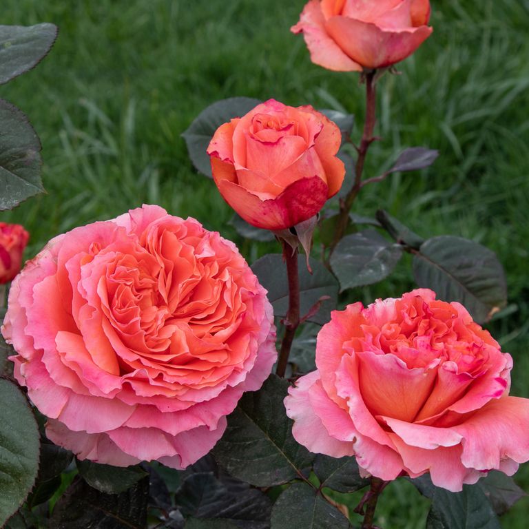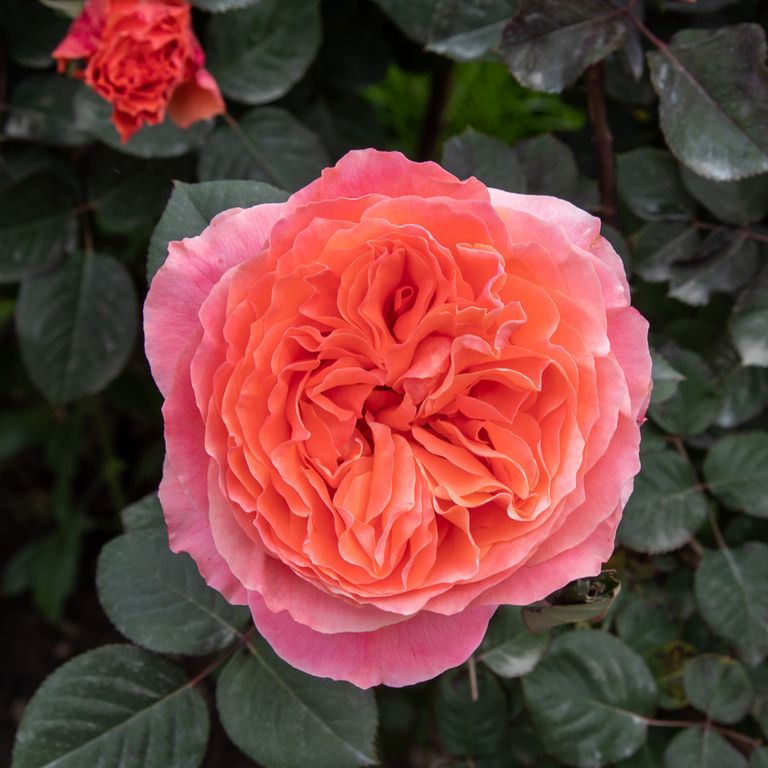 Цвет розы состоит из множества оттенков оранжевого, с розовым отливом. Цветки чашевидной формы состоят из 26-40 лепестков. Аромат умеренный. Может использоваться для срезки.
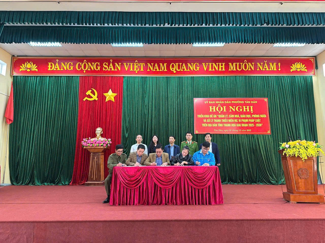 Tại hội nghị, các trường học, đoàn thể và tổ dân phố đã kí cam kết thực hiện tốt Đề án 3320 về “Quản lý, cảm hoá, giáo dục, phòng ngừa, xử lý thanh thiếu niên hư vi phạm pháp luật trên địa bàn tỉnh giai đoạn 2025 - 2030” tại phường Tân Dân, nhằm phát huy trách nhiệm trong công tác quản lý, giáo dục học sinh và thanh thiếu niên tại cộng đồng. Đây là cơ sở quan trọng thể hiện sự đồng thuận cao và trách nhiệm của toàn hệ thống chính trị.
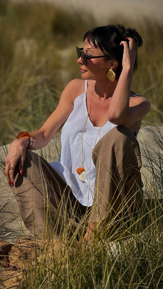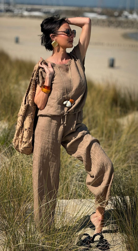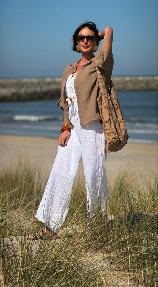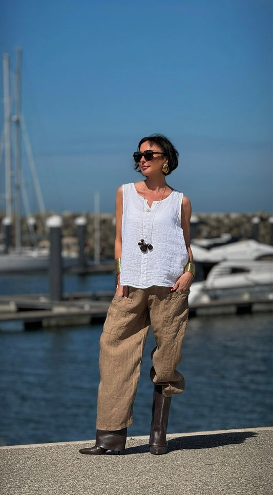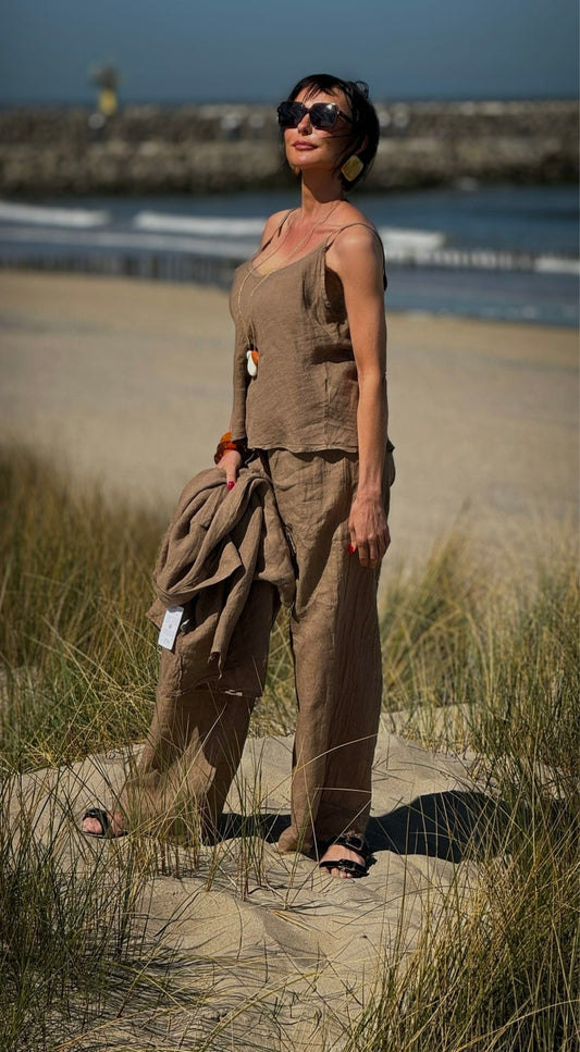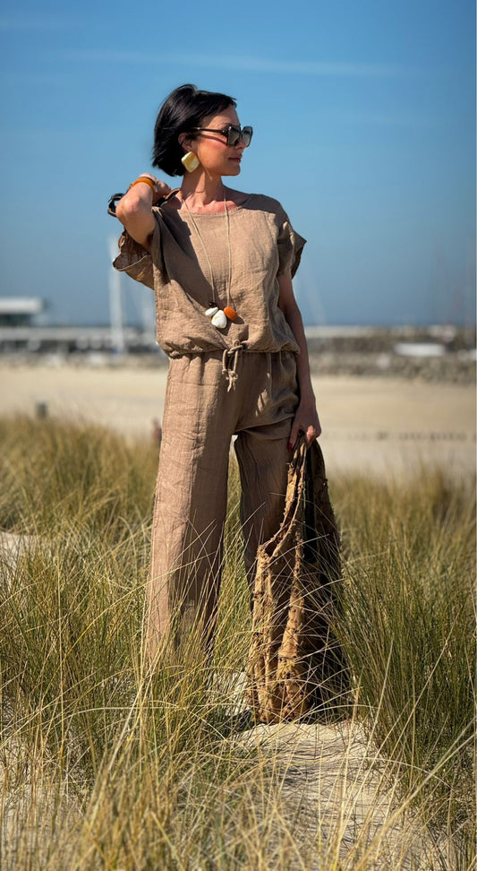 Top Ina linnen camel

----------

- ABOUT THIS EXERCISE -
Repeat the data above exactly, but not the pictures.

- PROBLEM SOLUTION -
 Цвет розы состоит из множества оттенков оранжевого, с розовым отливом. Цветки чашевидной формы состоят из 26-40 лепестков. Аромат умеренный. Может использоваться для срезки.
 Tại hội nghị, các trường học, đoàn thể và tổ dân phố đã kí cam kết thực hiện tốt Đề án 3320 về “Quản lý, cảm hoá, giáo dục, phòng ngừa, xử lý thanh thiếu niên hư vi phạm pháp luật trên địa bàn tỉnh giai đoạn 2025 - 2030” tại phường Tân Dân, nhằm phát huy trách nhiệm trong công tác quản lý, giáo dục học sinh và thanh thiếu niên tại cộng đồng. Đây là cơ sở quan trọng thể hiện sự đồng thuận cao và trách nhiệm của toàn hệ thống chính trị.
 Top Ina linnen camel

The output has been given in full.